Outros volumes e tipos de ataque

  • Ataques na cadeia de suprimentos: Grandes empresas de oferta de serviços tornaram-se alvos de ataques significativos da cadeia de suprimentos no ano passado, com atores de ameaças que procuram não apenas obter acesso a seus ambientes, mas também direcionar os ambientes de seus clientes por proxy. O ataque mais notável da cadeia de suprimentos, Kaseya, comprometeu mais de 1.500 empresas através de uma vulnerabilidade não reparada de zero-day.
  • A mudança para ataques de alto impacto e alto perfil versus ataques furtivos e longos tempos de moradia: em 2021, houve uma transição para ataques de alto perfil com um impacto maciço. O incidente mais significativo em 2021 foi a violação do Oleoduto Colonial, que interrompeu as operações por seis dias, causando grandes interrupções em todo os EUA e demonstrou o impacto significativo e em cascata de um ataque de malware bem executado.
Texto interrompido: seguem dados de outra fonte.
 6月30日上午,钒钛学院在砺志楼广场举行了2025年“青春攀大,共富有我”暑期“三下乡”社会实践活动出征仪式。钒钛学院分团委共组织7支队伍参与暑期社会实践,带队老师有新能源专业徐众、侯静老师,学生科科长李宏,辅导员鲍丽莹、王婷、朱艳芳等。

  • As colaborações do setor público e privado tornam-se mais comuns: Como previsto, houve uma maior parceria entre as forças-tarefa internacionais no ano passado para identificar e trazer à justiça os principais atores de ameaças em todo o mundo. No início de 2021, uma força-tarefa internacional coordenada pela Europol e pela Eurojust apreendeu a infraestrutura da Emotet e prendeu alguns de seus operadores. Outros atores de ameaças de alto perfil, como o Glupteba, tornaram-se alvo de empresas privadas que uniram forças para interromper sua atividade o máximo possível.
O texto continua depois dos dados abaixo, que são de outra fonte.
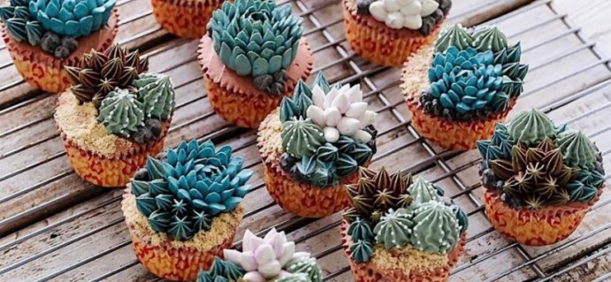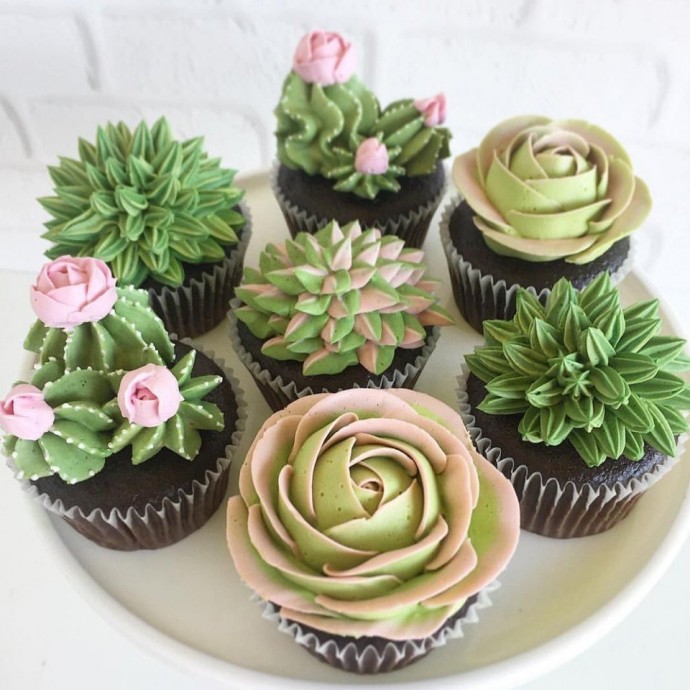 ​На грани кулинарии и рукоделия: кексы в виде суккулентов

  • O impacto imediato do dia zero: Em 2021, houve grandes vulnerabilidades sendo exploradas e utilizadas dentro de um único dia de divulgação da vulnerabilidade. Um dos exemplos foi o HaFNIUM Group, que surgiu logo após a Microsoft revelar múltiplas vulnerabilidades de zero-day.
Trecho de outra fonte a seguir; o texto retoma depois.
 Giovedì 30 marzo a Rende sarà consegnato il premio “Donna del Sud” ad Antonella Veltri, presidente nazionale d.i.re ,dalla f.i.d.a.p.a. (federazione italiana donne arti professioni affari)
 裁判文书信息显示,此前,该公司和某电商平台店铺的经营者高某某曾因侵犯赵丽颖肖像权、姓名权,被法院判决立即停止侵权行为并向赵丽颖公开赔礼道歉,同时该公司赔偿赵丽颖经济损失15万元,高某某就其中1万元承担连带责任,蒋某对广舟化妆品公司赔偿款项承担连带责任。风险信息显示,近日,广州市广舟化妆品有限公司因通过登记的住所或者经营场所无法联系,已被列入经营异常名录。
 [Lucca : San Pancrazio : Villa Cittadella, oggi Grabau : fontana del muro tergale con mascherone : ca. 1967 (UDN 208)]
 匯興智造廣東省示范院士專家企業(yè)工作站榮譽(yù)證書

  • Nuvem como um gateway para atacantes: A transição para o trabalho remoto levou muitas organizações a habilitar a maioria de seus serviços na nuvem e não em locais. Para aqueles que não são experientes trabalhando com serviços de nuvem, há o risco de que erros de configuração ou componentes vulneráveis e desatualizados com acesso externo de API possam ser explorados.

Embora o aumento da ameaça de maior perfil, o ransomware, não tenha continuado a aumentar nas taxas exponenciais inicialmente vistas durante o surto de COVID-19 na primavera de 2020, um crescimento de 15,8% dessas ameaças ainda foi registrado em 2021. O ano passado provou tanto para cisos quanto para os ciberatacantes que os modelos de trabalho de qualquer lugar e híbridos provavelmente se tornariam uma instalação permanente. Os CISOs precisarão revisar cuidadosamente, monitorar e atualizar cuidadosamente considerações de segurança para garantir cobertura e proteção completas.

Um ataque de ransomware pode afetar qualquer organização, independentemente do tamanho, indústria ou localização. À medida que cada vez mais fornecedores de segurança usam aprendizado de máquina (ML) e inteligência artificial (IA) em seus produtos e tomam ações para melhorar seus mecanismos de defesa existentes, os maus atores também continuarão a aprimorar e melhorar os esforços para evitar e enganar as defesas tradicionais e baseadas em IA.

A evasão de defesa e a escalada de privilégios estão se tornando mais prevalentes e esperamos ver uma continuação das técnicas de evasão de EPP/EDR em 2022. Os maus atores estão claramente investindo em técnicas de ataque anti-IA e contraditório e integrando esses métodos em sua estratégia de evasão maior.